→ **TASK**
In the records below, take the line containing "Luxury Modern Homes" and reproduce it and every subsequent line exactly, adding nothing.

→ **PROVIDED ENTRIES**
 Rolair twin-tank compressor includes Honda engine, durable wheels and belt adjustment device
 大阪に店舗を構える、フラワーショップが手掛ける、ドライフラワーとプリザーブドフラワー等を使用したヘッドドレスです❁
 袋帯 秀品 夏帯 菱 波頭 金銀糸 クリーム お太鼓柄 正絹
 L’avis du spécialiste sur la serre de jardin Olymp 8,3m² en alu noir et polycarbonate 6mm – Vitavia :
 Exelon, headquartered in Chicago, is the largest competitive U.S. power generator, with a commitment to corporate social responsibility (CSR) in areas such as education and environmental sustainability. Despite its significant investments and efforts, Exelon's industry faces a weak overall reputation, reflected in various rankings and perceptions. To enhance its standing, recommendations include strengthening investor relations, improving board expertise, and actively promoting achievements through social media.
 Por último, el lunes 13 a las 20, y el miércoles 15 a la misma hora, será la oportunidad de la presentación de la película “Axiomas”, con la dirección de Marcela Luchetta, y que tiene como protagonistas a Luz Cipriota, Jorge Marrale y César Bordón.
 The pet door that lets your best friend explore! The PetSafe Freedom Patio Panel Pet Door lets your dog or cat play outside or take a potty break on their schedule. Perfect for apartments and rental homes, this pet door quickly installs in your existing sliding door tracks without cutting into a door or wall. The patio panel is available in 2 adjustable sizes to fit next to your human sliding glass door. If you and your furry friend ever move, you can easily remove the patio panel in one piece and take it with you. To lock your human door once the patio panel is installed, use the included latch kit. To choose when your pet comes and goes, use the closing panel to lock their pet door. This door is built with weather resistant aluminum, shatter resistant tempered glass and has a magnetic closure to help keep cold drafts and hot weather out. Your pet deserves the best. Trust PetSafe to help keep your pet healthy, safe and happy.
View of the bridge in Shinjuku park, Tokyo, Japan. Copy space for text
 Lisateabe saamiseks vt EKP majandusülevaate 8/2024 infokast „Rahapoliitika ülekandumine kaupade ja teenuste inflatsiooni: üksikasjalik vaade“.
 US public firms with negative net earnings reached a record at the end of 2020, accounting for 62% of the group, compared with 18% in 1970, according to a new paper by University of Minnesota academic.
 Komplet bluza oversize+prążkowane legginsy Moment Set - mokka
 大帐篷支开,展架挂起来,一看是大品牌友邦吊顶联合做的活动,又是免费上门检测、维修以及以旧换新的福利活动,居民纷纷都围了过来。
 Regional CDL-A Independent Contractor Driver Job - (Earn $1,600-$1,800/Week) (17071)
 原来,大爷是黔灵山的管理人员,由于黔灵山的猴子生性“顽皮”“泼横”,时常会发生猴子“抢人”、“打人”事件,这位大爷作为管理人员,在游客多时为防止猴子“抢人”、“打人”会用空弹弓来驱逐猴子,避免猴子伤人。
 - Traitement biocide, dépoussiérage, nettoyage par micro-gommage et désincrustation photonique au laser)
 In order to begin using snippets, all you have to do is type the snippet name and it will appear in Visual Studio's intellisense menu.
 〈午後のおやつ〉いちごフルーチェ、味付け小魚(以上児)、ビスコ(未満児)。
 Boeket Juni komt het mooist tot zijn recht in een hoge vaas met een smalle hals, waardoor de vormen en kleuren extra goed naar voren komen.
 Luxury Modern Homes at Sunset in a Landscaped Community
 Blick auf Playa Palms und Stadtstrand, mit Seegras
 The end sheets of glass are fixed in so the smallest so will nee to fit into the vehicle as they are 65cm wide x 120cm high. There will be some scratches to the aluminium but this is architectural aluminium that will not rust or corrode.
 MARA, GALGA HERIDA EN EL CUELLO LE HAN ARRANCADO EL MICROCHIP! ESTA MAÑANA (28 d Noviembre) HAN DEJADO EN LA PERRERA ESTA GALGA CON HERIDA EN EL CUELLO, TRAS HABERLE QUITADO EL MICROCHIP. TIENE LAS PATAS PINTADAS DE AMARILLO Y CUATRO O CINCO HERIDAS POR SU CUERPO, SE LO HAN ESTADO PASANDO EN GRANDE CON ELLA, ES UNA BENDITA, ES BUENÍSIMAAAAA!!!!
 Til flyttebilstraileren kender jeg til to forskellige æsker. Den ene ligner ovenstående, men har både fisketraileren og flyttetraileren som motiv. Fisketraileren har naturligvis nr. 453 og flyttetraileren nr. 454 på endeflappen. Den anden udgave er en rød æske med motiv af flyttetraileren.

→ **EXPECTED OUTPUT**
 Luxury Modern Homes at Sunset in a Landscaped Community
 Blick auf Playa Palms und Stadtstrand, mit Seegras
 The end sheets of glass are fixed in so the smallest so will nee to fit into the vehicle as they are 65cm wide x 120cm high. There will be some scratches to the aluminium but this is architectural aluminium that will not rust or corrode.
 MARA, GALGA HERIDA EN EL CUELLO LE HAN ARRANCADO EL MICROCHIP! ESTA MAÑANA (28 d Noviembre) HAN DEJADO EN LA PERRERA ESTA GALGA CON HERIDA EN EL CUELLO, TRAS HABERLE QUITADO EL MICROCHIP. TIENE LAS PATAS PINTADAS DE AMARILLO Y CUATRO O CINCO HERIDAS POR SU CUERPO, SE LO HAN ESTADO PASANDO EN GRANDE CON ELLA, ES UNA BENDITA, ES BUENÍSIMAAAAA!!!!
 Til flyttebilstraileren kender jeg til to forskellige æsker. Den ene ligner ovenstående, men har både fisketraileren og flyttetraileren som motiv. Fisketraileren har naturligvis nr. 453 og flyttetraileren nr. 454 på endeflappen. Den anden udgave er en rød æske med motiv af flyttetraileren.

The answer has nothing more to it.